There are almost no statics linking virtual tours to home sales and even less to rentals.

The only one I recall that Move/Homestore.com, who run Realtor.com, ever had was that in an earlier design of Realtor.com that let the house hunter have the homes with multiple still photos or virtual tours displayed first.

After the web surfing home shopper selected area, bedrooms, price, baths, etc, and clicked Search, they got a "sort screen" that asked;
Do you want to see homes with virtual tours listed first?Y/N
Do you want to see homes with multiple photos listed first? Y/N
According to Homestore/Move, the house hunters clicked Y for virtual tours 92% of the time

I got similar stories to the Realtor mentioned above from relocatiing sellers as I was shooting their home, about how they were only looking at homes with virtual tours and multiple photos in their destination city

What I'm considering is running an ad in one of the local real estate magazines about my Second Generation Virtual Tours with Full-Screen Viewing. with a screen capture of a particularly nice scene.

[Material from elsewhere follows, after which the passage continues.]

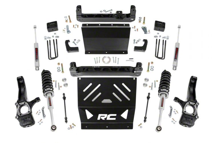Functional and Stylish. The Rough Country 6-Inch Suspension Lift Kit adheres to OE geometry, guaranteeing seamless integration with your vehicle while a touch of style and protection with its RC logo printed front skid.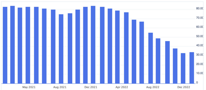 The index fell to 33 in November from 38 in October and is expected to fall further in December to 30, which is close to the low registered at the height of the pandemic in April 2020.

Instead of "selling" the real estate agents, I've found selling the "sellers" works better.

With home sales down because of the recession, the idea behind the ad will be something like; With slow home sales, don't you need a better way to get your home noticed? Take a look at a Second Generation Virtual Tour with Full-Screen Viewing at MySampleTour.com (not a real website).

The idea will to be to sell the home sellers and landlords.

The downside is that mass media advertising like real estate magazines aren't cheap. A half page color ad will cost me US$500


If I recall, you were setting up a website that would have tours of these homes/estates for rent or sale. Why not run an ad in some regionally appropriate magazine that will drive traffic to your virtual tours. What the real estate agents and sellers/landlords will pay for is "eyes on their house."

Its like American television, if you have a popular TV show, selling ads during that show isn't a problem.

Just throwing a virtual tour on the web doesn't mean it will get seen and the real estate agents know it.